Some Gotchas in the Cloud
Many VM’s running on the same hypervisor
However… 40,000 pps might actually be too many if it’s a single VM running on the same hypervisor as a bunch of other VM’s, especially if they’re all pushing the same sort of pps. We might want to isolate this VM on a hypervisor. Or scale its role horizontally onto other hypervisors. Along those lines, the business might tell us that 40,000 pps’ worth of revenue is too many for a single VM to take with it at the instant it goes down. But then we’re no longer talking about maximum pps, we’re talking about something else.
The underlying hypervisor NIC’s and EtherChannel
At the hypervisor level, the maximum pps really depends on what the aggregate is of all traffic on it; as well as its NIC speed.
Also relevant is the hypervisor’s EtherChannel configuration (we wouldn’t run our production VM on a hypervisor without some type of redundant links), especially in terms of actual maximum throughput (for instance, actual LACP maximum throughput can start to fall when we take into account factors like MAC-based load balancing between the links).

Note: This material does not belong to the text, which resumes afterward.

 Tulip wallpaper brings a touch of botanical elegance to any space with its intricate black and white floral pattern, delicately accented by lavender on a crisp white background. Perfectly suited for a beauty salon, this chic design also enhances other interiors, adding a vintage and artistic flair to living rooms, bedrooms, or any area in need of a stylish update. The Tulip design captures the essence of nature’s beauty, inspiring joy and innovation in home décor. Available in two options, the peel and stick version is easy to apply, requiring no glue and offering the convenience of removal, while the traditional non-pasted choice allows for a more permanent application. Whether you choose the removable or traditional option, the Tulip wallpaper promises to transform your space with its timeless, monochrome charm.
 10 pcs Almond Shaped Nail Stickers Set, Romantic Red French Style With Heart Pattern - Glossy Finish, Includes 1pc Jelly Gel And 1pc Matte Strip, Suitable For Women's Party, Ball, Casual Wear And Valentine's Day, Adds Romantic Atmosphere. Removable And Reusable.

Additionally, implementation choices like Open vSwitch vs. Linux bridging can have an impact on effective pps. On Citrix Xen hypervisors, OVS is a common design choice. My understanding is that the default OVS flow eviction threshold is 2,500. The maximum recommended value appears to be 10,000. Reasonable people appear to disagree about whether this metric is leading, coincident or lagging to the root causes of packet loss, but in my own experience, with higher hypervisor pps we can expect to see dropped packets relative to this metric for our VM.
What else do we have to think about in the cloud?

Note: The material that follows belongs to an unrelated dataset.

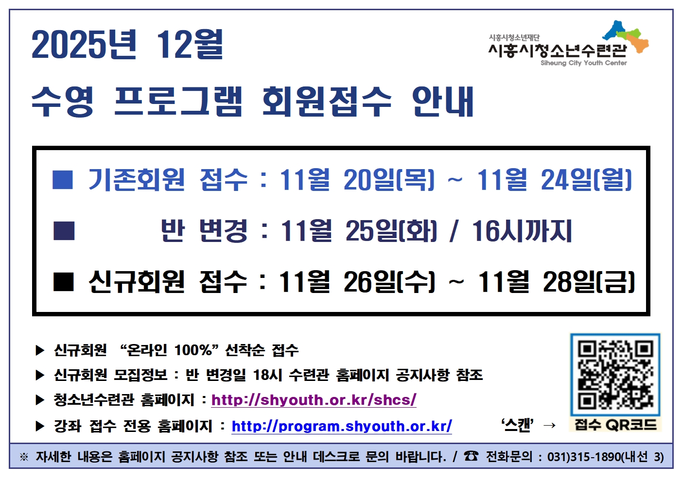 2025년 12월 수영 프로그램 회원(기존/신규) 접수 기간 안내 작성자 관리자 등록일자 2025년 11월 14일 21시 11분 49초 조회 3 기존접수 배너(25년 12월)001.jpg [ Size : 558.6KB , Down : 4 ] 미리보기 다운로드 목록보기

Assuming every networking component in our cloud is configured correctly, here are some other factors that can come into play, in no particular order:
- Firewalls: Obviously these have a maximum pps too. In aggregate, we might be constrained by firewall pps at our tenant’s boundary, or even closer.
- Load balancers: Things like licensing limits; request throttling; and their own NIC/EtherChannel pps; can all influence our cloud VM’s effective pps.

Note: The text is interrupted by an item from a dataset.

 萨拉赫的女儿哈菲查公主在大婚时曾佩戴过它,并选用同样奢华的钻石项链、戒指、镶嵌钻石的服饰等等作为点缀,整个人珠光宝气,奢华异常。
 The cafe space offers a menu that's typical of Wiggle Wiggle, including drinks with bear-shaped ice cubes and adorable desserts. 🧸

- Broadcast storms: Other cloud systems in the same subnet as our VM or hypervisor can saturate the network.
- UDP vs. TCP: if we’re testing maximum pps using a UDP tool, we’re likely to experience more packet loss and thus a smaller perceived maximum.
- Outbound internet bandwidth: guaranteed and burst rates will apply here.
- Jumbo frames: These have 9000-byte MTU’s, so especially in our storage and database tiers, we’ll make sure we remember which MTU to use in our calculations.
- sysctl network parameter tuning: These are beyond the scope of this post, but they can definitely impact the VM’s network performance.